I weighed myself this morning, and it wasn’t pretty. The number on the scale said 204.2. I haven’t weighed over 200 pounds since I was pregnant with Charlotte over 3 years ago. I had a few thoughts after seeing this number:
Thought 1: “I can’t believe this. I feel disgusting.
Thought 2: “I have to change this.”
This is not new territory for me. My weight has been on a steady increase for the past year. In the back of my mind, however, I thought that things would turn around. I thought these extra pounds were just some sort of wacky fluke, as if by thinking that I could absolve myself of all responsibility. But the fault is all mine. I made the choices that led to weight gain. I chose to eat unhealthy foods. I chose to feel sorry for myself and wallow in self-pity. I chose to ignore the warning signs and kept heading down a path I knew would only lead to seeing 200 pounds on the scale again.
But I’m through with all of that. No more feeling sorry for myself. No more making excuses.
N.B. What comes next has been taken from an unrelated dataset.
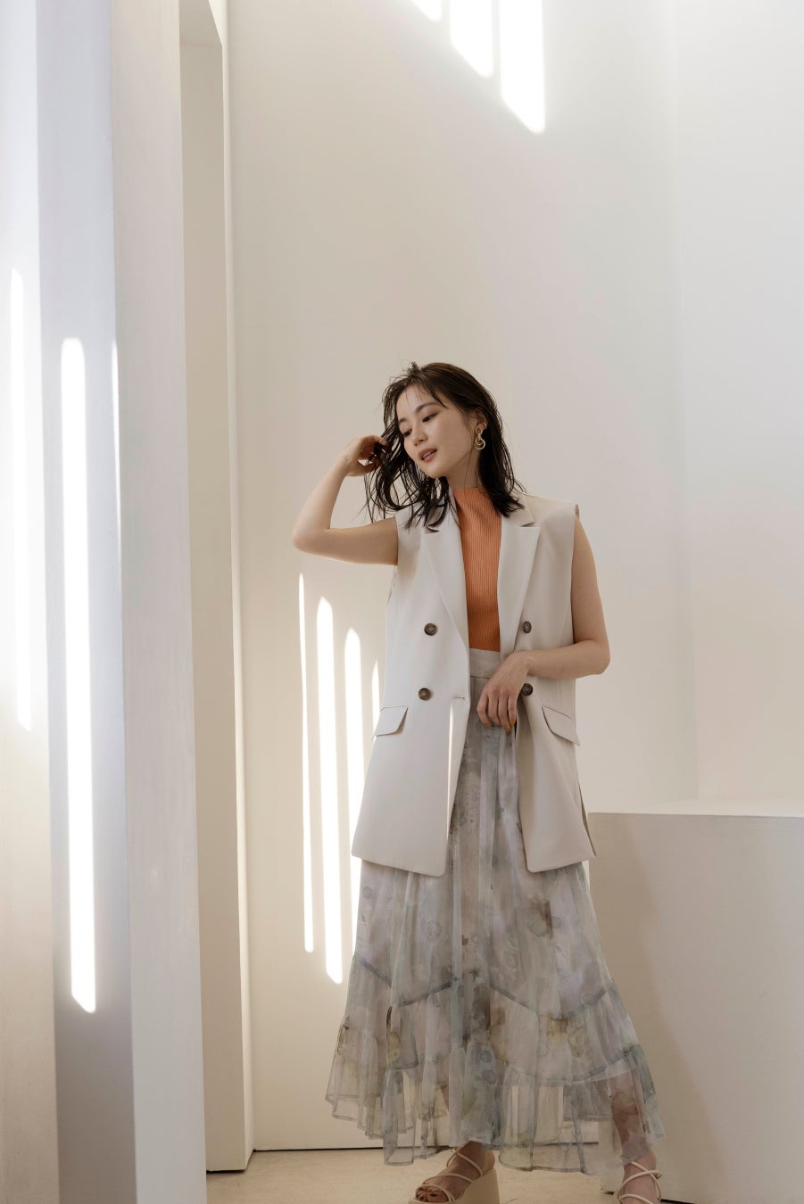 自分的に新鮮なスタイリングや、ファッションに合わせたヘアメークで、今まで見たことのなかった表情を知ることができて楽しかったです。今回は Springコレクションから10スタイリングを着用させて頂いたのですが、1カットごとに少しずつ慣れていき、だんだん表現できるようになり、充実感がありました。

No more eating junk and hoping it won’t negatively effect me. I have treated myself poorly and set a bad example for my daughter long enough.
I am hitting the reset button. I am going back to the basics. Here’s the plan:
- I am counting my calories on SparkPeople.
- I am limiting sweets to fewer than 200 calories a day.
- I am not going to keep any soda (diet or regular) in the house.
- I will not eat out of boredom or after 8:00 p.m.
- I will exercise at least 3 times a week.
These things work. I know because they worked for me before. Despite the fact that I have this little voice in my head that says that I will never get back into the 160s again, that I am just destined to be a fat girl, I have to believe that I can do this. I have my own past experience to prove it.
I can do this. I can do this. I WILL do this.